:: What is required ::
For the material that follows, return exactly the lines from the one with "选择设置-修改密码。修改个人用户密码。" through the one with "33 The Lord", both ends included.

:: Extracted information ::
+===+
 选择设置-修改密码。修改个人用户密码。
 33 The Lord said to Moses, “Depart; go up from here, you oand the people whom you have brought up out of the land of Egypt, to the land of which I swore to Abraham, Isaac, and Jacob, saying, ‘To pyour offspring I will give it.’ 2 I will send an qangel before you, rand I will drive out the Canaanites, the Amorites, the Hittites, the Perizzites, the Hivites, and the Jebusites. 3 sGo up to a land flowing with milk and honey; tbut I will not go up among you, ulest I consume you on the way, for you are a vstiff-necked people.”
+===+
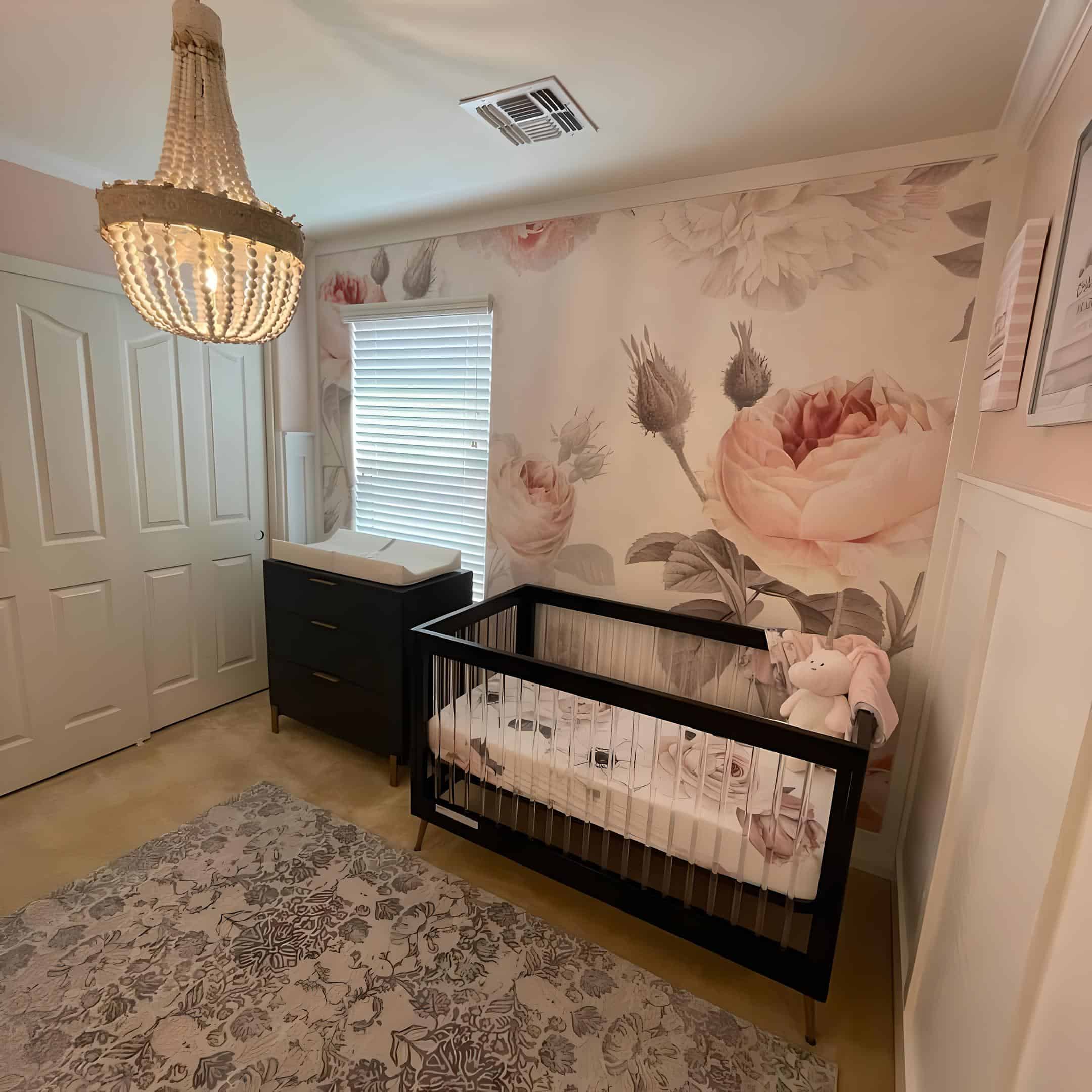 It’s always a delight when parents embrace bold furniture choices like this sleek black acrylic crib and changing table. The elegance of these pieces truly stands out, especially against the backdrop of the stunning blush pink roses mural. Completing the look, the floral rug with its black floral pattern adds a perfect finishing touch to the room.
+===+
:: Response for this exercise ::
 选择设置-修改密码。修改个人用户密码。
 33 The Lord said to Moses, “Depart; go up from here, you oand the people whom you have brought up out of the land of Egypt, to the land of which I swore to Abraham, Isaac, and Jacob, saying, ‘To pyour offspring I will give it.’ 2 I will send an qangel before you, rand I will drive out the Canaanites, the Amorites, the Hittites, the Perizzites, the Hivites, and the Jebusites. 3 sGo up to a land flowing with milk and honey; tbut I will not go up among you, ulest I consume you on the way, for you are a vstiff-necked people.”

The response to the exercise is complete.